Are Robots really taking our jobs and how can jobs be recovered/re-created? As the fallen price of technology has made investment cheaper, companies are using computers and automation tools to replace staff. This has led to a rise in profits relative to wages against GDP.
According to a study by Chicago Booth business school researchers Loukas Karabarbounis and Brent Neiman (and others) the most profound impact on wages and jobs losses is likely to be the rise of information technology investment by corporations and greater automation through Internet and software technologies and robotics on the factory floors, the investments in which gathered pace in the 1980s as depicted in a series of papers (Oliner and Sichel (2000, 2002), Jorgenson and Stiroh (2000), Stiroh (2002), and Jorgenson, Ho, and Stiroh (2002)). In a 2007 paper, a team of economists led by Harvard’s Dale Jorgenson found the economic expansion was driven by efficiency increases in the production of IT, including computers, software and telecommunications components. Improvements in IT production “resulted in higher rates of decline in IT prices, stimulating decisions by firms, households, and governments to invest in IT equipment and software.”
It would seem that there is solid evidence that during the period of the Great Stagnation where the global economy is said to have been stagnant, corporate revenues and profits have risen so dramatically, and as the above study shows, much of that can be attributed to improved efficiencies due to investments in automation. Of course globalization and migration of jobs also has an impact but by far the automation tools so heavily invested in over the 1990’s and early 2000’s are leading to increased profits versus GDP.
Chart 1 shows the record profits of US corporations, in fact since 2009, for instance, the majority of companies of the Standard and Poor’s 500-stock index have doubled their profits.
But, despite these profit and revenue growth at least one finding indicates that corporate investment is low or in ‘the trough’ as depicted in Chart 2, courtesy of Cardiff Garcia – US Net Business Investment.
I’m less convinced about the low level of corporate investment to GDP as much of software investment is treated as intangible assets and therefore not included in the above chart. US enterprise software revenue grew by 6% year over year in 2012 to circa $165 billion, and 5.6% in 2011 according to IDC. Further, of the 500 companies on the S&P index less than 50% include R&D spending in their annual reports whereas a company like the Euro 90 billion AXA group show significant investment in software and digital technologies, and almost 7,000 staff in their technology solutions division, but in respect to R&D spend they indicate ‘not applicable’ in their latest annual report. Additionally private companies tend to spend 6.8 per cent of total revenue versus just 3.7 per cent average for public companies according to a study by Joan Farre-Mensa and colleagues at Harvard and New York University.

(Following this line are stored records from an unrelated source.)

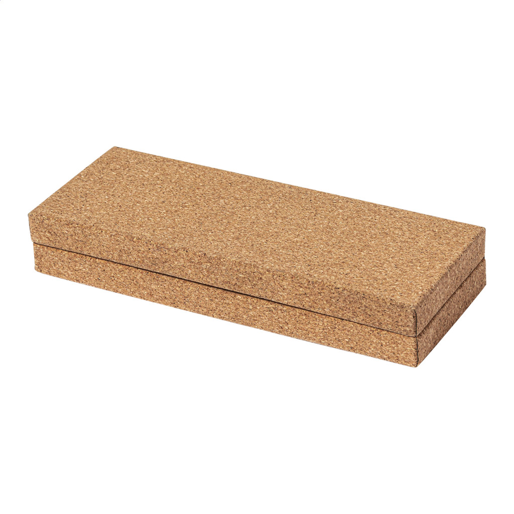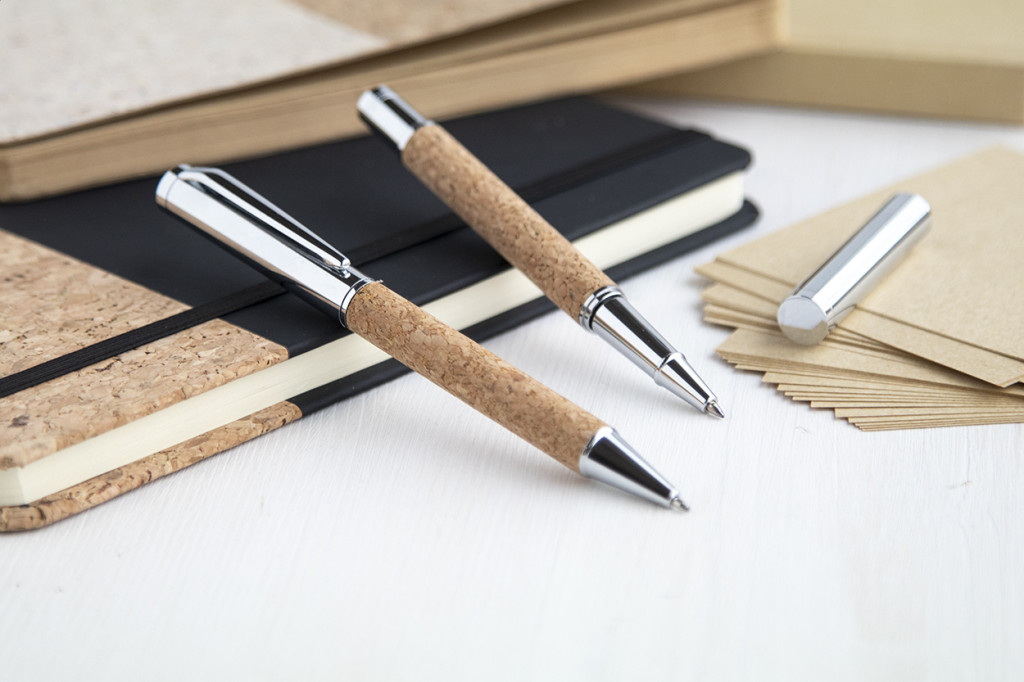 Elegáns, fém golyóstoll és rollertoll szett természetes parafa borítással. Parafa dobozban, kék tollbetéttel szállítjuk.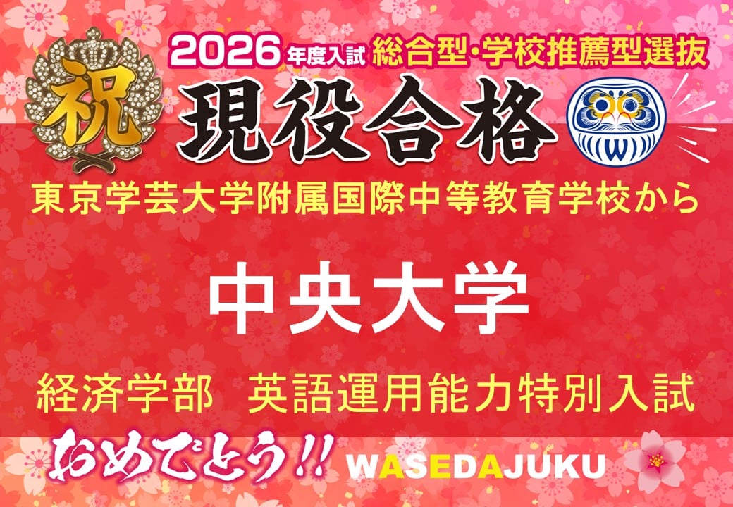 【2026年度入試 現高3生】東京学芸大学附属国際中等教育学校から、中央大学経済学部へ英語運用能力特別入試で現役合格!
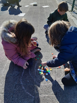 We gaan grotschilderijen maken op de stenen. Volgen van een patroon. Werken in kleine groepjes.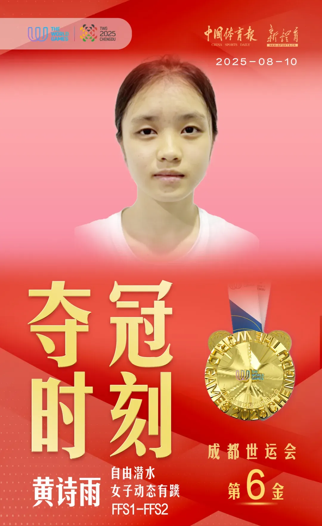 自由潜水女子动态有蹼 FFS1-FFS2 决赛中,黄诗雨以149.5米的成绩摘得金牌,并打破该项目世界纪录,助力中国代表团收获第六金。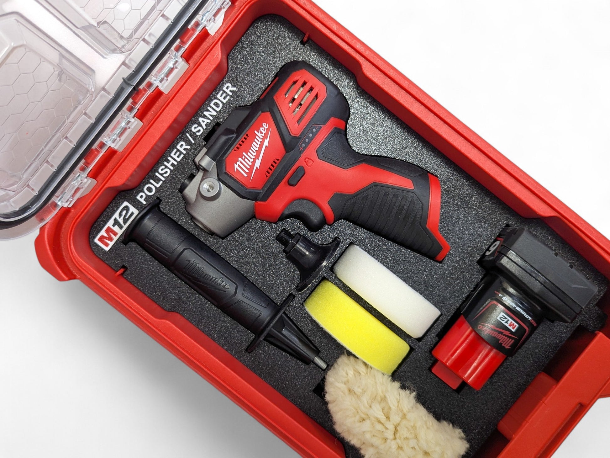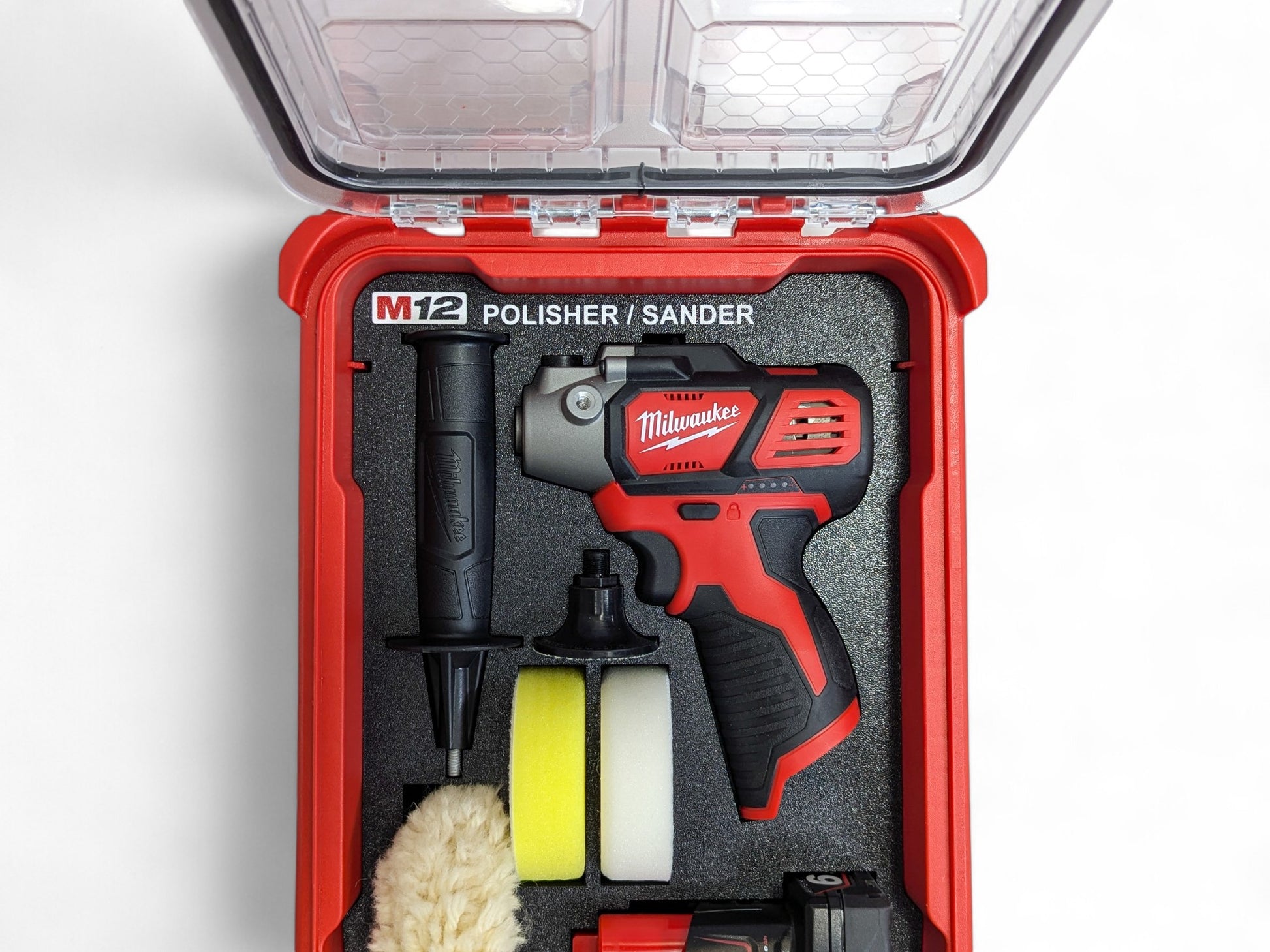 The Milwaukee Packout Compact Organizer 48-22-8435, M12 Polisher, M12 Batteries and accessories shown are not a part of the sale and are shown for demonstration purposes to showcase the product. We have no affiliation with the Milwaukee brand.
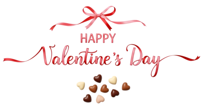 Sparkling Valentine’s Day Gold Lettering with Festive Ribbons PNG
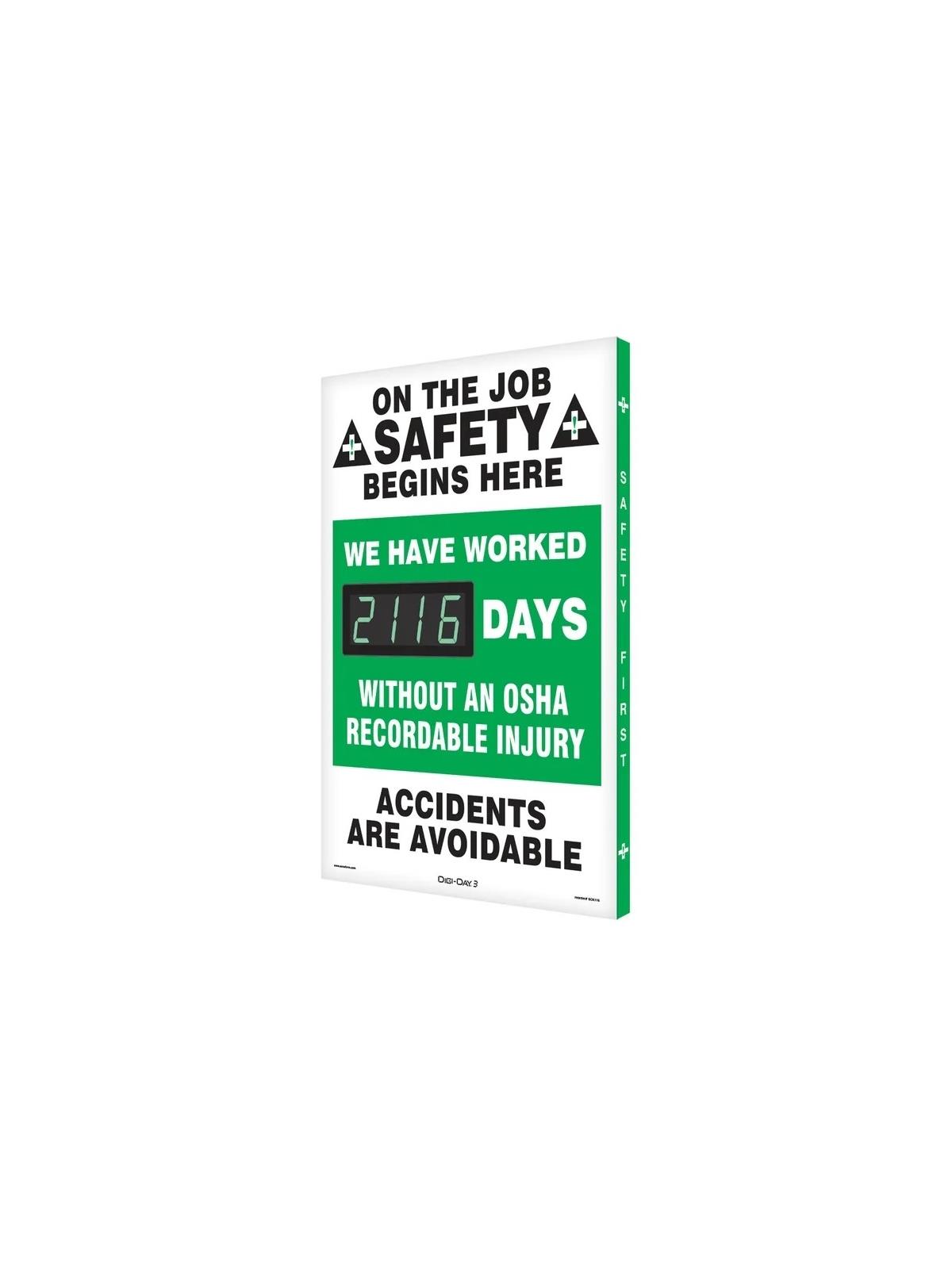 • Count days without an accident in green, or in the event of an accident, set the display to red until you meet your new safe days goal.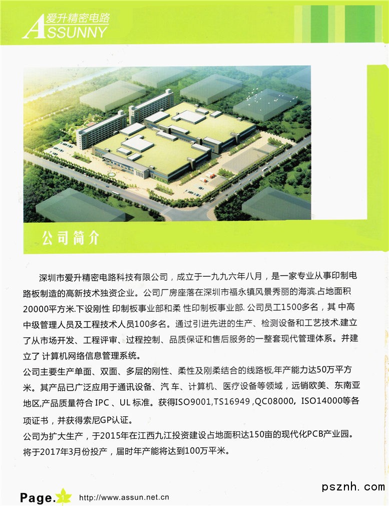 深圳市愛升精密電路科技有限公司,成立于一九九六年八月,是一家專業(yè)從事印制 電路板制造的高新技術(shù)獨(dú)資民營(yíng)企業(yè).近年來,公司規(guī)模高速擴(kuò)展.迅速朝集團(tuán)化方 向大步邁進(jìn)。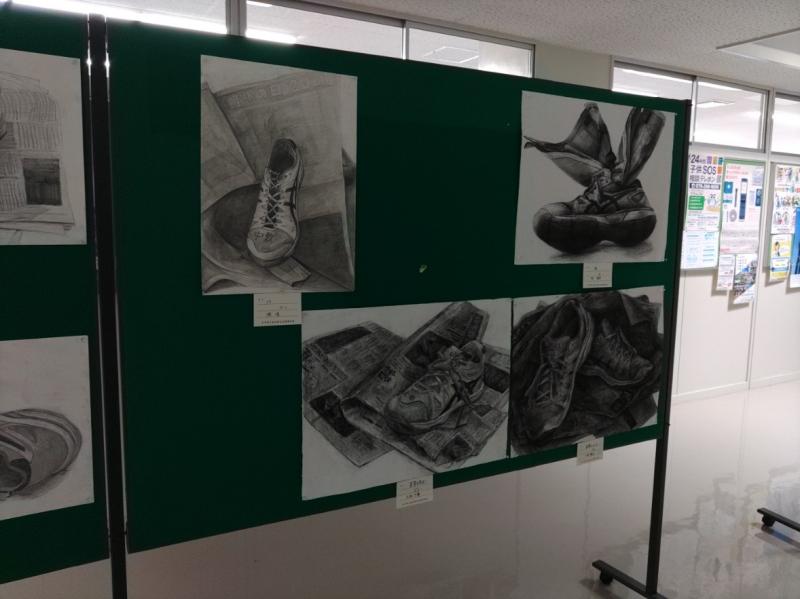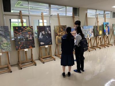 2025年6月4日 10時16分石川県高校総文美術展に出品した3年生の作品を校舎2階に展示しました。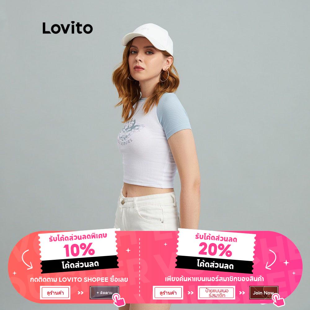 Lovito Áo thể thao cắt ngắn không ma sát Bộ đồ tập Yoga thể dục cho nữ l34ad012 (Màu Đen)

My own belief is that corporate investments are rising and probably nearer 3% of GDP, whilst still low in comparison to 15 years ago the trend is up. This is indicated, in one ‘small’ example, by the 18 to 25 per cent growth in orders to robotic manufacturers and the growth in sales revenue by enterprise software companies, plus several additional factors listed above.
Sadly for employees, the growing investment in technology is reflected by a falling share of GDP for wages; which in turn contributes to rising inequality (Chart 3).
Much of this can be attributed to the fact that mid-wage jobs (sales, airport personnel, travel agents, bank employees, etc.) are not recovering whereas low-wage jobs have (Chart 4).
By one measure, real GDP has continued to increase as corporate investment grows and profits excel, despite 2 million less jobs:
Another illustration of technology investments increasing productivity, whilst the number of employees declines comes from the Federal Reserve Bank of St. Louis.
On reflection: profit growth will not be sustainable without revenue growth and revenue growth is not sustainable without investments, and investments create jobs right? According to a Reuters Thomson study the top 100 innovative companies in the S&P 500 spent $223 billion on R&D, and added more than 266,000 jobs. On the other hand without growth in earnings and pending interest rate increases people will have less to spend creating a downward spiral.
I remain confident that automation and robotics will serve to re-ignite the global economy – those profits have to be invested somewhere, even, as Apple has done in returning a significant amount to shareholders the money will have to be re-invested somewhere – the smart money is on improving processes and automated technologies and the companies that benefit from them. Technology companies will have a major impact on the economy in the next decade.